History

Nazi Germany
- Name: U-367
- Ordered: 25 August 1941
- Builder: Flensburger Schiffbau-Gesellschaft, Flensburg
- Yard number: 490
- Laid down: 6 July 1942
- Launched: 11 June 1943
- Commissioned: 27 August 1943
- Fate: Sunk by a Soviet mine on 15 March 1945, northeast of Danzig

General characteristics
- Class & type: Type VIIC submarine
- Displacement: 769 tonnes (757 long tons) surfaced; 871 t (857 long tons) submerged;
- Length: 67.10 m (220 ft 2 in) o/a; 50.50 m (165 ft 8 in) pressure hull;
- Beam: 6.20 m (20 ft 4 in) o/a; 4.70 m (15 ft 5 in) pressure hull;
- Height: 9.60 m (31 ft 6 in)
- Draught: 4.74 m (15 ft 7 in)
- Installed power: 2,800–3,200 PS (2,100–2,400 kW; 2,800–3,200 bhp) (diesels); 750 PS (550 kW; 740 shp) (electric);
- Propulsion: 2 shafts; 2 × diesel engines; 2 × electric motors;
- Speed: 17.7 knots (32.8 km/h; 20.4 mph) surfaced; 7.6 knots (14.1 km/h; 8.7 mph) submerged;
- Range: 8,500 nmi (15,700 km; 9,800 mi) at 10 knots (19 km/h; 12 mph) surfaced; 80 nmi (150 km; 92 mi) at 4 knots (7.4 km/h; 4.6 mph) submerged;
- Test depth: 230 m (750 ft); Crush depth: 250–295 m (820–968 ft);
- Complement: 4 officers, 40–56 enlisted
- Armament: 5 × 53.3 cm (21 in) torpedo tubes (four bow, one stern); 14 × torpedoes; 1 × 8.8 cm (3.46 in) deck gun (220 rounds); 2 × twin 2 cm (0.79 in) C/30 anti-aircraft guns;

Service record
- Part of: 23rd U-boat Flotilla; 27 August 1943 – 19 February 1945; 31st U-boat Flotilla; 20 February – 15 March 1945;
- Identification codes: M 54 488
- Commanders: Oblt.z.S. Ulrich Hammer; 27 August 1943 – 5 January 1944; Oblt.z.S. Klaus Becker; 6 January – March 1944; Oblt.z.S. Hasso Stegemann; March 1944 – 15 March 1945;
- Operations: None
- Victories: None

= German submarine U-367 =

German World War II submarine

German submarine U-367 was a Type VIIC U-boat of Nazi Germany's Kriegsmarine during World War II. She carried out no patrols. She did not sink or damage any ships. She was sunk by a Soviet mine northeast of Danzig (now Gdansk) on 15 March 1945.

==Design==
German Type VIIC submarines were preceded by the shorter Type VIIB submarines. U-367 had a displacement of 769 t when at the surface and 871 t while submerged. She had a total length of 67.10 m, a pressure hull length of 50.50 m, a beam of 6.20 m, a height of 9.60 m, and a draught of 4.74 m. The submarine was powered by two Germaniawerft F46 four-stroke, six-cylinder supercharged diesel engines producing a total of 2800 to 3200 PS for use while surfaced, two AEG GU 460/8-276 double-acting electric motors producing a total of 750 PS for use while submerged. She had two shafts and two 1.23 m propellers. The boat was capable of operating at depths of up to 230 m.

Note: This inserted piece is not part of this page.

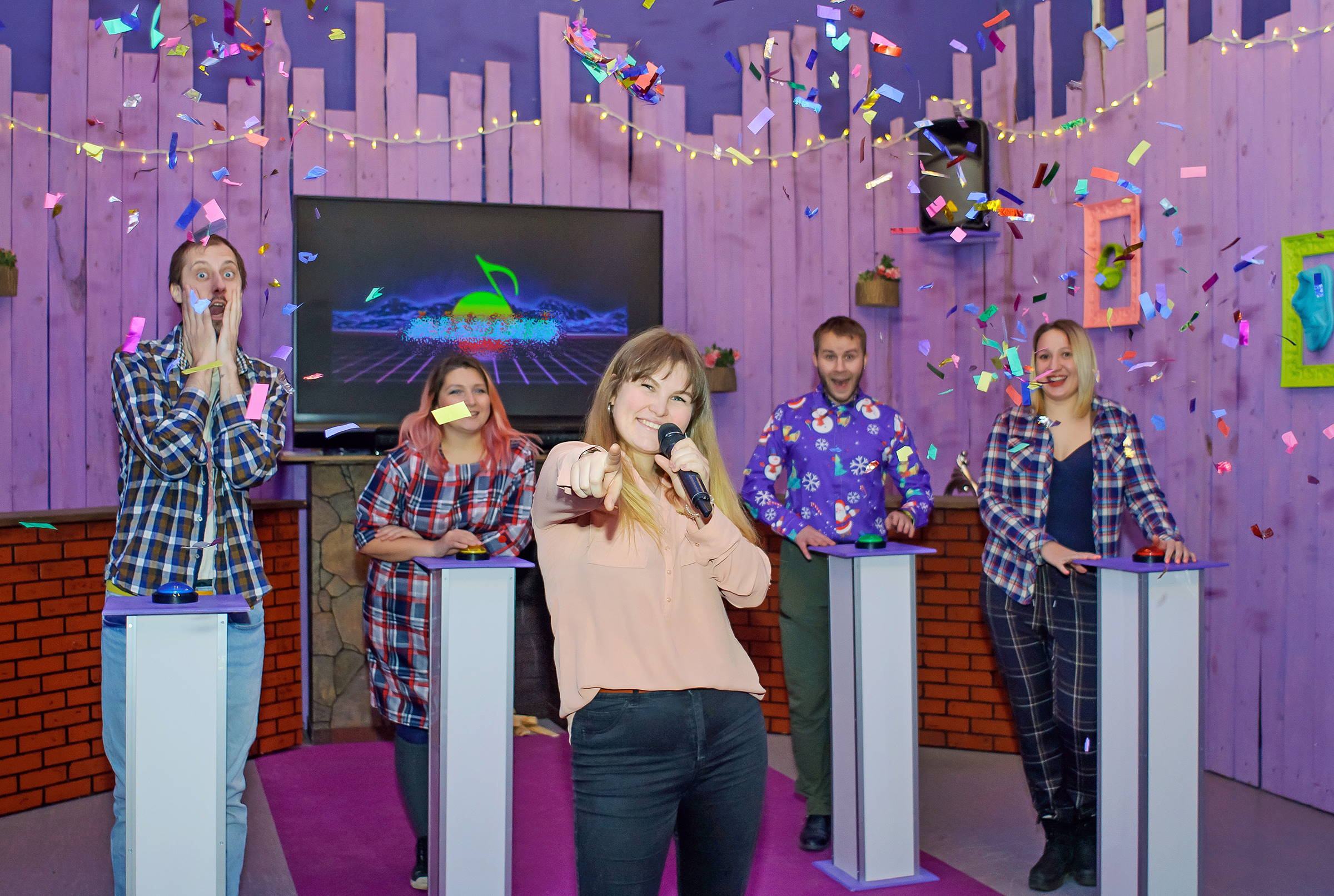 Ведущий у нас был и певец, и танцор, и пародист, и стендап-комик. Бенефис одного актера, а мы в тандеме на бэк-вокале и подтанцовке. В начале от его просто бешеной энергетики некоторые из нашей команды даже опешили и растерялись, но потом драйв настолько поглотил каждого, что, признаемся, игра напоминала аттракцион музыки, юмора, танцев и дружеского единения. Мы давно не испытывали таких чувств и эмоций!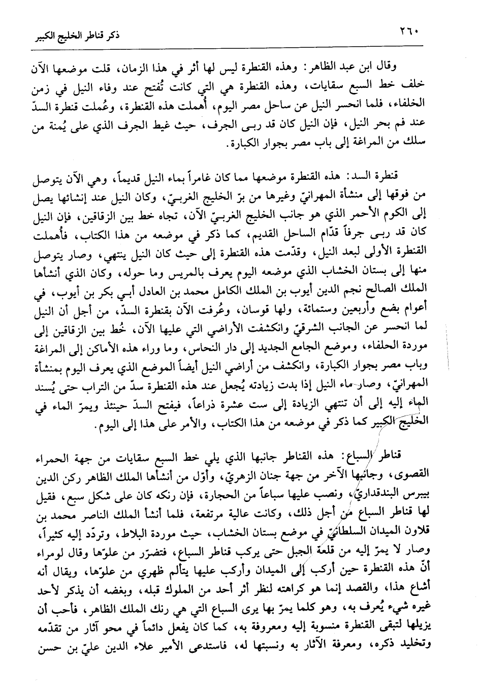 قنطرة السد: هذه القنطرة موضعها مما كان غامرا بماء النيل قديما، وهي الآن يتوصل من فوقها إلى منشأة المهرانيّ وغيرها من برّ الخليج الغربيّ، وكان النيل عند إنشائها يصل إلى الكوم الأحمر الذي هو جانب الخليج الغربيّ الآن، تجاه خط بين الزقاقين، فإن النيل كان قد ربى جرفا قدّام الساحل القديم، كما ذكر في موضعه من هذا الكتاب، فأهملت القنطرة الأولى لبعد النيل، وقدّمت هذه القنطرة إلى حيث كان النيل ينتهي، وصار يتوصل منها إلى بستان الخشاب الذي موضعه اليوم يعرف بالمريس وما حوله، وكان الذي أنشأها الملك الصالح نجم الدين أيوب بن الملك الكامل محمد بن العادل أبي بكر بن أيوب، في أعوام بضع وأربعين وستمائة، ولها قوسان، وعرفت الآن بقنطرة السدّ، من أجل أن النيل لما انحسر عن الجانب الشرقيّ وانكشفت الأراضي التي عليها الآن، خط بين الزقاقين إلى موردة الحلفاء، وموضع الجامع الجديد إلى دار النحاس، وما وراء هذه الأماكن إلى المراغة وباب مصر بجوار الكبارة، وانكشف من أراضي النيل أيضا الموضع الذي يعرف اليوم بمنشأة المهرانيّ، وصار ماء النيل إذا بدت زيادته يجعل عند هذه القنطرة سدّ من التراب حتى يسند الماء إليه إلى أن تنتهي الزيادة إلى ست عشرة ذراعا، فيفتح السدّ حينئذ ويمرّ الماء في الخليج الكبير كما ذكر في موضعه من هذا الكتاب، والأمر على هذا إلى اليوم.

The submarine had a maximum surface speed of 17.7 kn and a maximum submerged speed of 7.6 kn. When submerged, the boat could operate for 80 nmi at 4 kn; when surfaced, she could travel 8500 nmi at 10 kn. U-367 was fitted with five 53.3 cm torpedo tubes (four fitted at the bow and one at the stern), fourteen torpedoes, one 8.8 cm SK C/35 naval gun, 220 rounds, and two twin 2 cm C/30 anti-aircraft guns. The boat had a complement of between forty-four and sixty.

==Service history==
The submarine was laid down on 6 July 1942 at the Flensburger Schiffbau-Gesellschaft yard at Flensburg as yard number 490, launched on 11 June 1943 and commissioned on 27 August under the command of Oberleutnant zur See Ulrich Hammer. She served with the 23rd U-boat Flotilla from 27 August 1943 and the 31st flotilla from 20 February 1945.

===Loss===
U-367 sank after striking a mine on 15 March 1945 which had been laid by the three days previously. Forty-three men died in the U-boat; there were no survivors.